I also took a look at the above link, and I would have been stumped - it looked like there needed to be a spell check ;o)

From a former state 3rd place spelling bee contestant...


----------



## Outsider

There are no national spelling bees around here. There are sometimes TV game shows where you need to know how to spell correctly to win.


----------



## Pedro y La Torre

TRG said:


> Last night I watched on tv the national spelling bee competition which you can learn about here.  It was fun and I have to confess I couldn't spell any of the words, none of which I had ever even heard of before.  There were numerous foreign words, especially French.



What happens if you spell labor as labour? Will they disqualify you?


----------



## Fernando

At least it is not a Spanish interest. Our language is quite (not completely) phonetical, so only a limited amount of words have some emotion.


----------



## jonquiliser

I think it's entirely unheard of here - I at least have never come across something like that.
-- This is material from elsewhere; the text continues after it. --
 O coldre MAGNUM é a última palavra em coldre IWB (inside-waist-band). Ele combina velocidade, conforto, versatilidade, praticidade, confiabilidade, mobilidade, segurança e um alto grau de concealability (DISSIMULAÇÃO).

Learning how to spell, in school, never involved competition (more than usually in terms of grades and marks..), it was simply an exam subject among others. Finnish is relatively phonetical (or, it's actually very phonetical) so that wouldn't even be of much interest. Swedish, well, it's not that it's so phonetical, spelling contests just don't seem to be all that exciting . I think I've heard France is keen on them, though .


----------



## Outsider

Mind you, I would like to see spelling become a national competition in Portugal. Bring on the Americanization!


----------



## Kajjo

No spelling bees in Germany. Almost no school competitions in Germany, anyway.

Kajjo


----------



## Musical Chairs

Learning (more like memorizing) how to spell at the national spelling bee level is pretty useless.



Pedro y La Torre said:


> What happens if you spell labor as labour? Will they disqualify you?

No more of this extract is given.